Осужденный

Вячеслав Толстов
  Слава вечера разнеслась по западу;
      - Я стоял на склоне горы;
    Пока радость, предшествующая спокойной
      поре отдыха, громко разнеслась по лугу и лесу.

    "И должны ли мы расстаться с таким прекрасным жилищем?"
      С душевной болью я сказал:
    И с глубокой печалью повернулся, чтобы отправиться
      в камеру, в которой лежит осужденный.

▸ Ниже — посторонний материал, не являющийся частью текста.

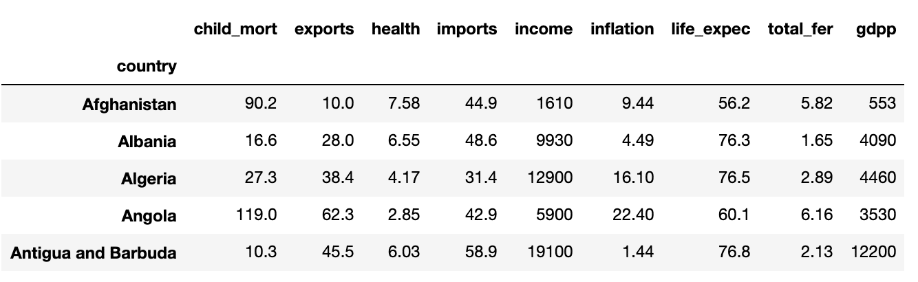 Pour illustrer le principe de l’ACP, nous allons prendre pour exemple un jeu de données nommé ‘country_data’ qui comme son nom l’indique regroupe plusieurs informations (PIB ; Revenu moyen ; Espérance de vie ; Taux de natalité/mortalité etc…) sur différents pays.</span>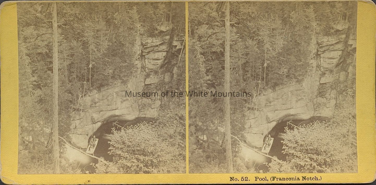 Black and white image of a pool by a rocky mountain ledge with trees. A raft with people is on the water. Caption reads, "Pool, Franconia Notch." Back Description: Plain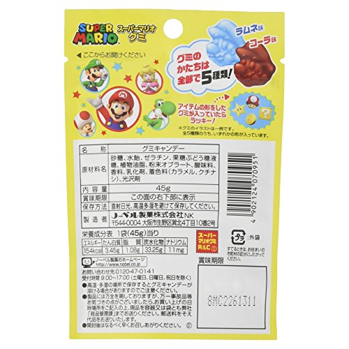 -. Feature : Ingredients: sugar, syrup, gelatin, fructose glucose liquid sugar, vegetable oils and fats, powder oblate, acidulant, flavoring, lsifier, caramel, gardenia, brighteners / NET:45g / Ramune Soda & Cola taste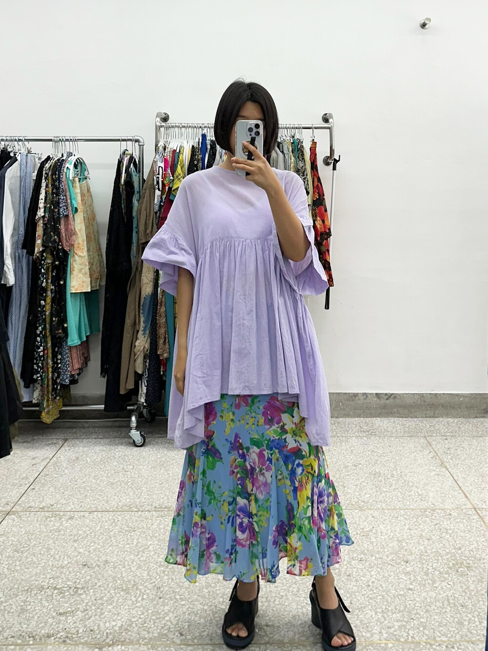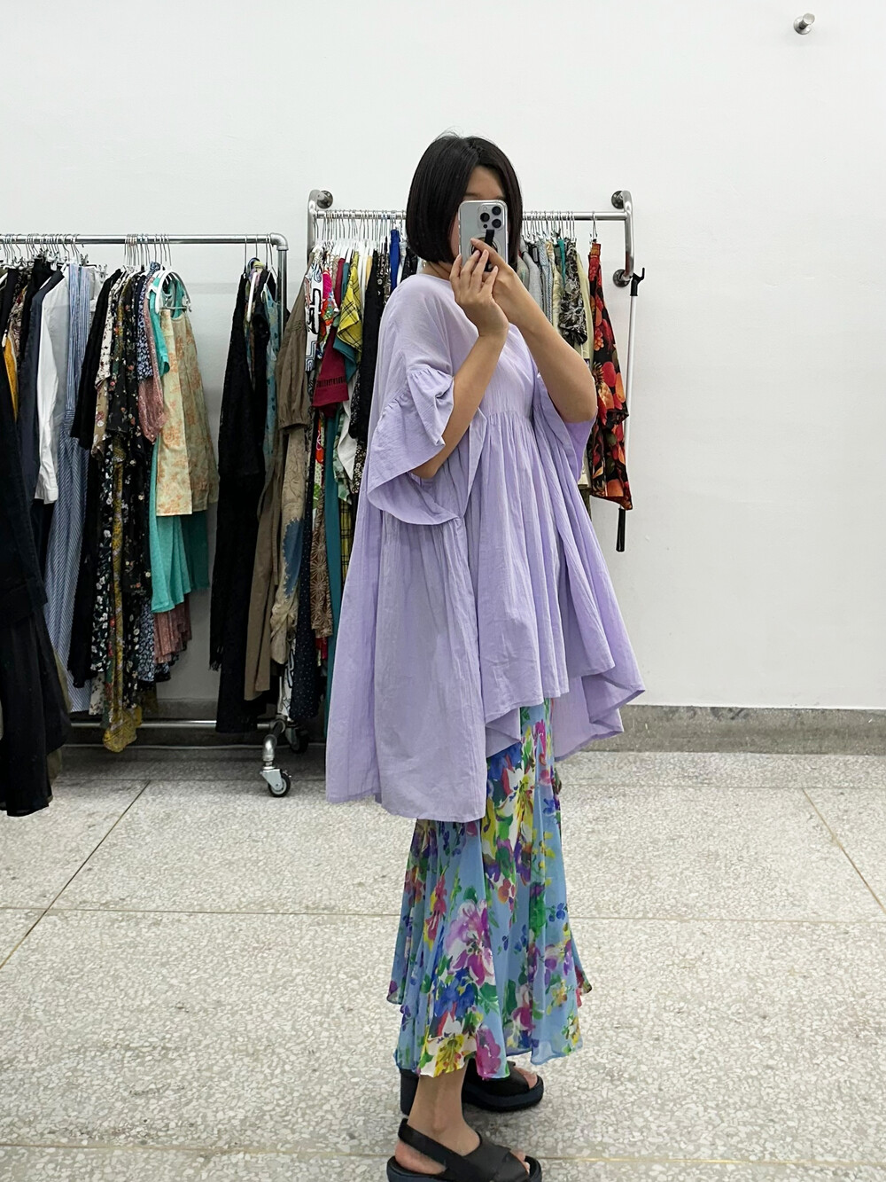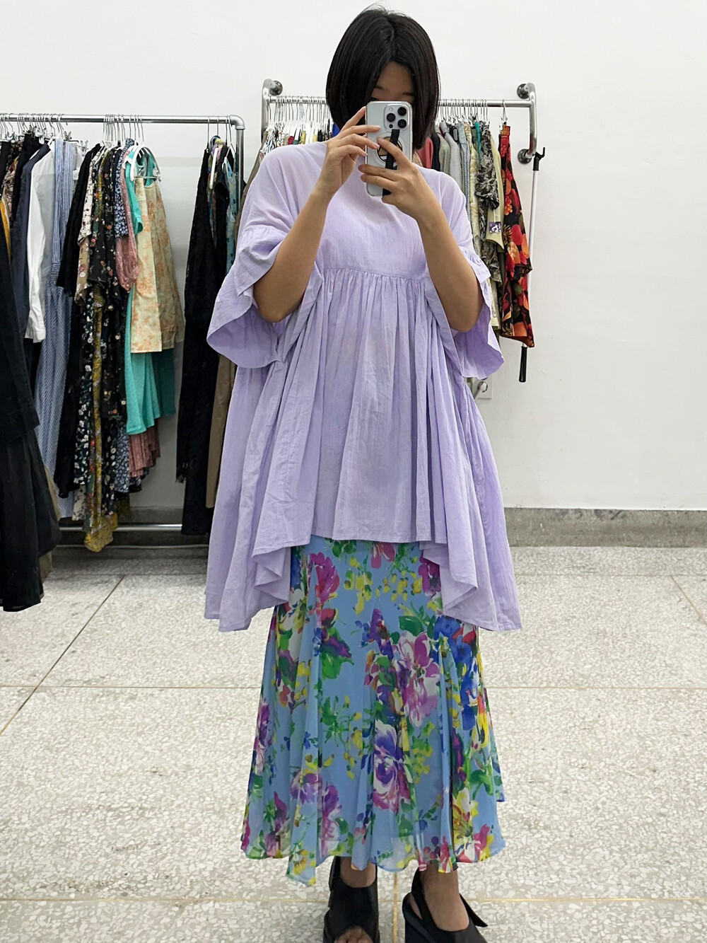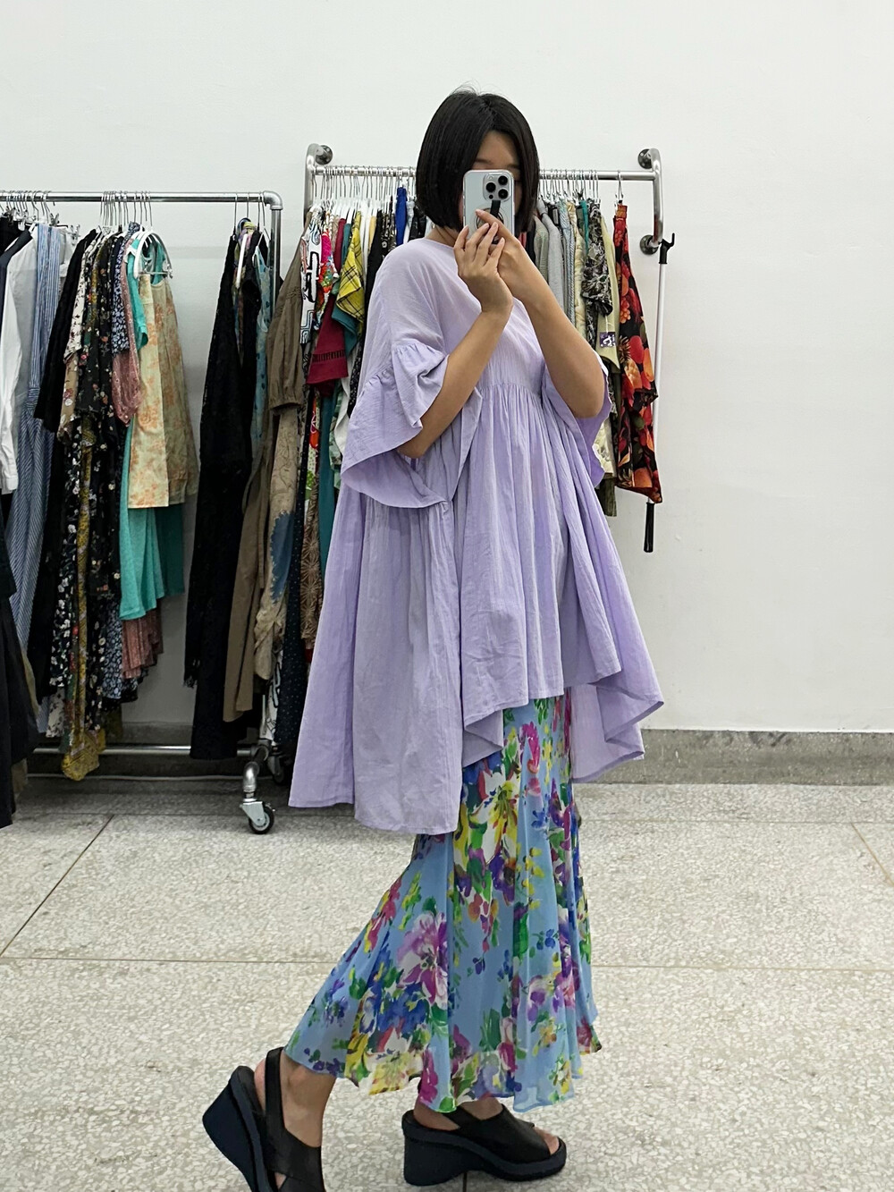 하단은 비대칭으로 멋스럽게 러플 더해졌으며

    Стены с толстыми ребрами жёсткости затеняют ворота,
      заглушают; и подземелья разворачиваются:
    я останавливаюсь; и наконец, сквозь мерцающую решетку,
      Вот изгнанник жалости.

    Его черная спутанная голова на плече склонена,
      И глубокий вздох его,
    И с застывшим унынием его глаза устремлены
      на оковы, связывающие его со смертью.

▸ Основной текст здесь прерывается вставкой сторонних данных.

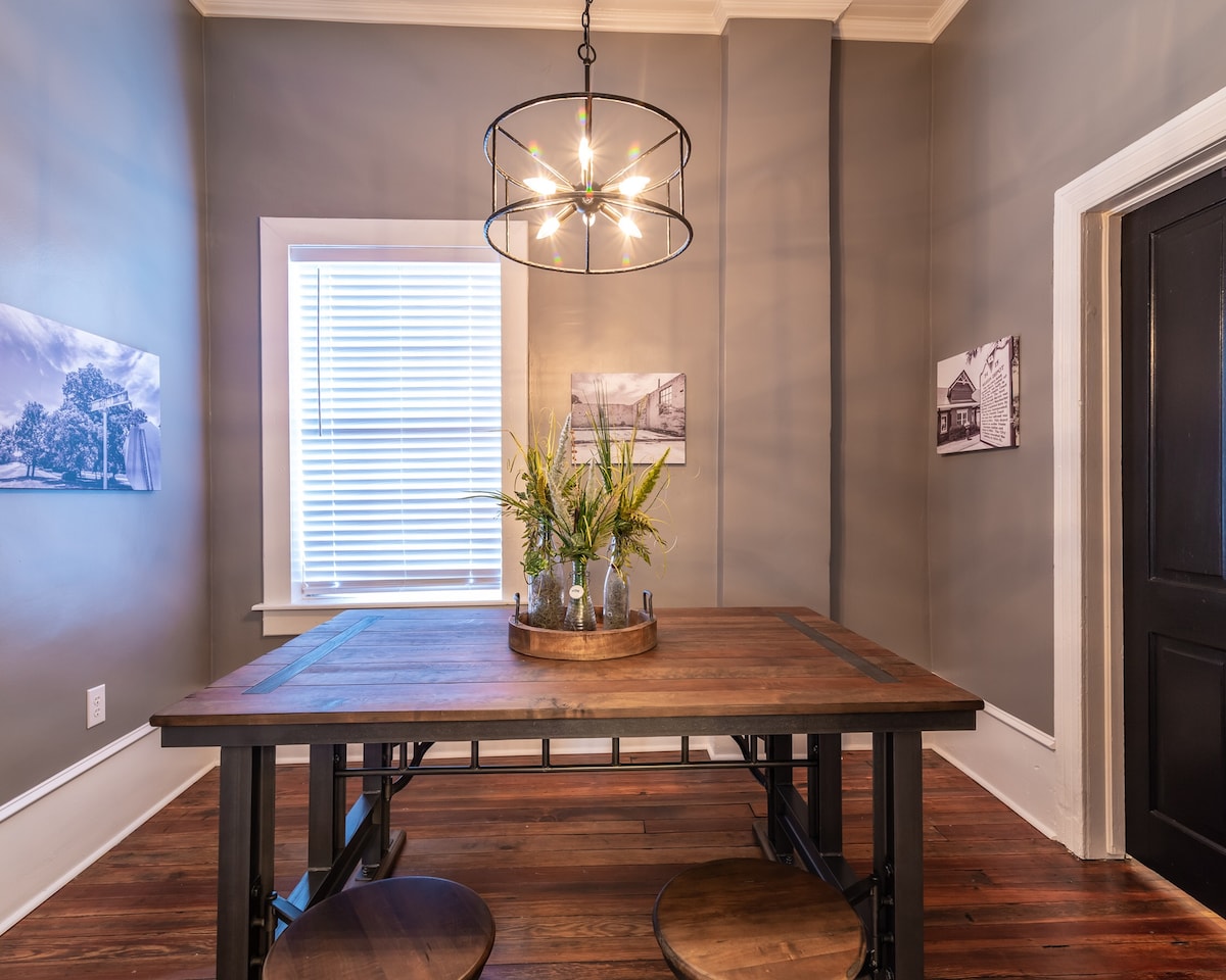 Ubicado en 109 Arch Street, en el centro de Marion, Carolina del Sur, es un apartamento totalmente amueblado que ofrece todas las comodidades de un hogar y mucho más. Ubicado en un edificio histórico en el corazón del Pee Dee, The Loft tiene un carácter encantador con paredes de ladrillo visto y suelos originales de madera. Ofrecido como alquiler por noches, tu experiencia comienza cuando te reciben con linternas de gas y continúa en el interior, donde encontrarás nuestro espacio habitable de 1000 pies cuadrados.

    Достаточно грусти на этом лице, чтобы смотреть.
      Это тело было уволено из-под его заботы;
    И все же моя фантазия пронзила его сердце и выливает туда
      более ужасные образы.

    Его кости сожжены, и его жизненная кровь высохла,
      Желая уничтожить прошлое;
    И его преступление, через охватившие его боли, описало: «
      Все еще чернеет и растет в его глазах» .

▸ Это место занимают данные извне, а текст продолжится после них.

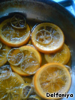 Приготовим цитрусы в карамели. Количество долек – по количеству оставшихся коржиков (не украшенных грушами). Так же с небольшим количеством воды и 50 г сахара уварить до густого сиропа.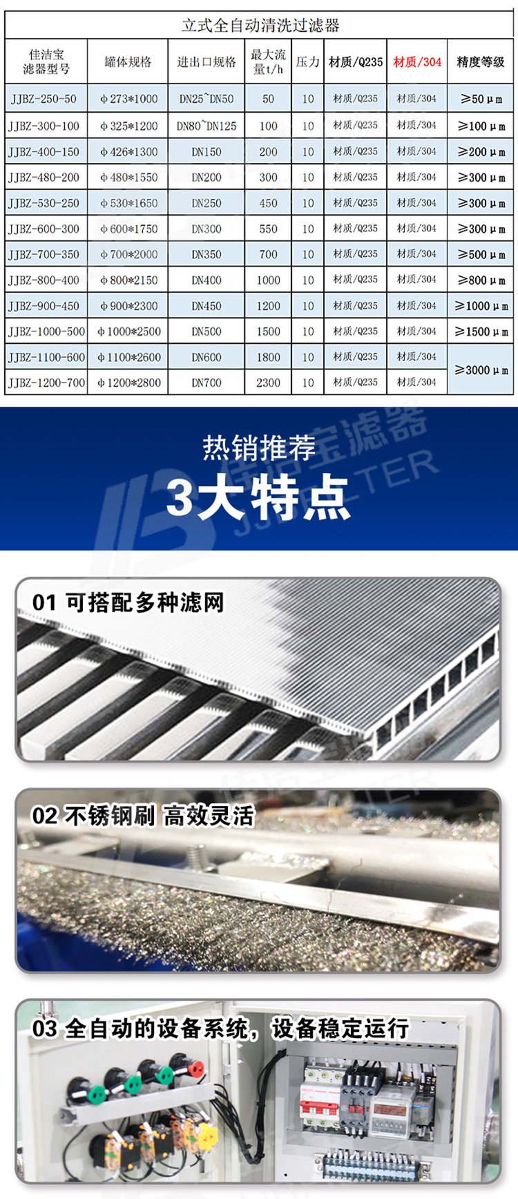 | 滤芯材质 | 不锈钢304、316L | ||
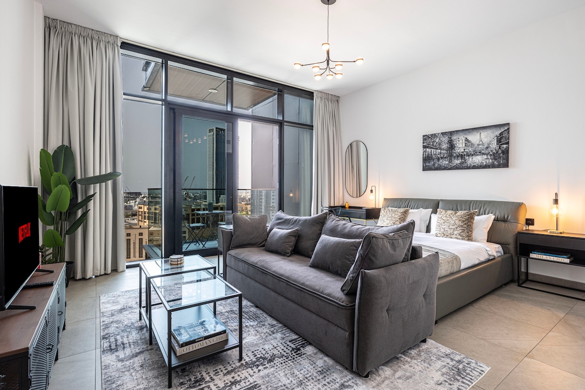 Experience elegance and comfort in our chic studio apartment with a large terrace in Downtown Dubai. Overlooking the Dubai Water Canal and within walking distance of Dubai Mall and Burj Khalifa, it’s the perfect base for your stay. Inside, enjoy a king-size bed, fully equipped kitchen, free WiFi, smart TV and complimentary parking. Whether traveling for business or leisure, our apartment blends style, comfort and location for an unforgettable Dubai experience.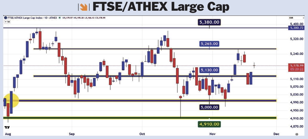 Ο δείκτης της υψηλής κεφαλαιοποίησης FTSE/ATHEX Large Cap κρατά τη στήριξη των 5.025 με 4.985  μονάδων και δείχνει ότι η περιοχή 5.130 με 5.265 είναι το επόμενο πεδίο βραχυχρόνιας ισορροπίας, όπου θα δώσει το ανοδικό πάτημα για τις 5.380.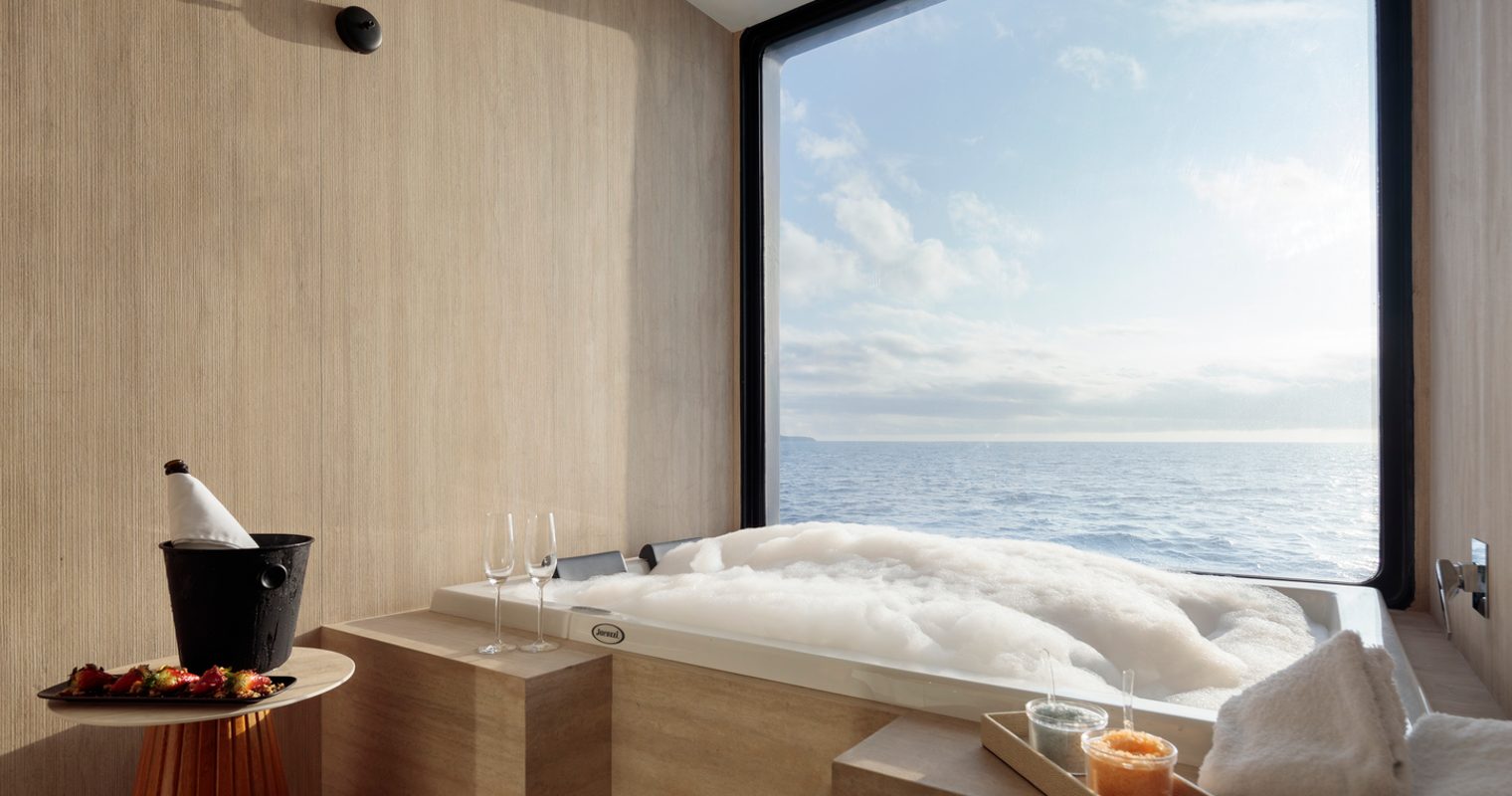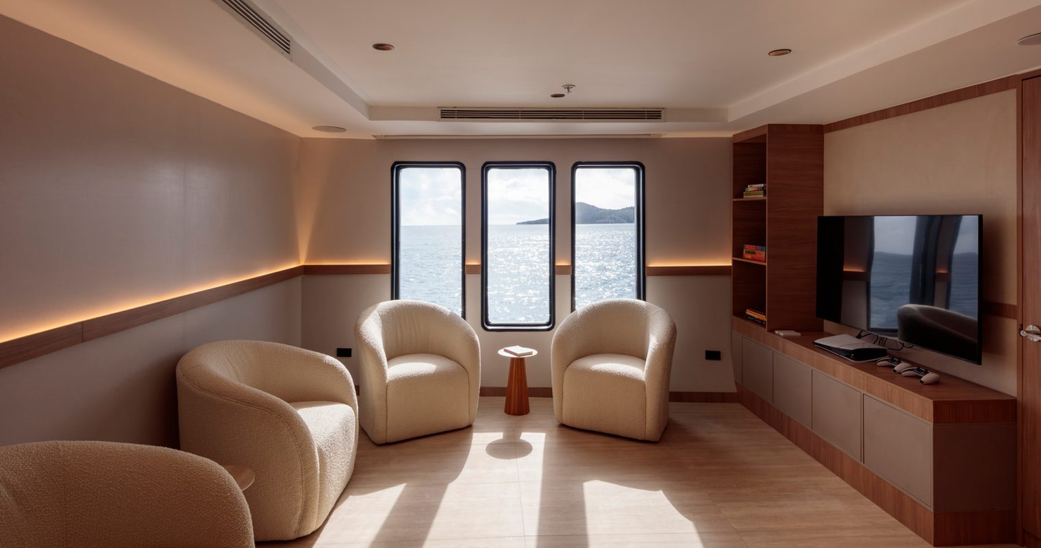 The Hermes welcomes children aged six and above, striking a perfect balance for multi-generational families. Older children join snorkeling adventures and paddleboarding expeditions while grandparents relax in the sundeck jacuzzi with panoramic ocean views. Honeymooners find romance in candlelit dinners on private balconies, butler-delivered champagne to in-suite jacuzzis, and sunset cocktails at the aperitif lounge. Adventure seekers revel in complimentary water sports equipment and dual naturalist guides who lead intimate groups of just 10 guests per excursion. The yacht suits anyone seeking the elegance and varied social spaces of a larger cruise ship – with a full-service spa and hammam, library, observation lounge, al fresco dining on the sundeck – with the intimacy of a boutique vessel.

    Когда из темного синода или кроваво-вонючего поля,
      В его покои приводят монарха,
    Все успокаивающие разум их мягкие добродетели уступят,
      И тишина подарит ему голову.

    Но если печаль, поглощенная собой, в забвении будет дремать,
      И совесть ее муки умилостивит,
    «Среди шума и шума этот человек должен упокоиться;
      В безобидном хранилище болезней.

    Когда его ночные оковы так давили на его конечности,
      Что тяжесть больше не может быть перенесена,
    Если в полусонном состоянии его воспоминания хранятся, Негодяй
      на своей кушетке должен повернуться,

    Пока тюремный мастиф воет на тупой лязг цепи,
      Из корней его волос начнутся
    Тысячи острых уколов холодной потной боли,
      И ужас охватит его сердце.

    Но теперь он приподнимает глубоко запавшие глаза,
      И движение слезу сбивает;
    Тишина печали, кажется,
      дает мне И спрашивает меня, почему я здесь.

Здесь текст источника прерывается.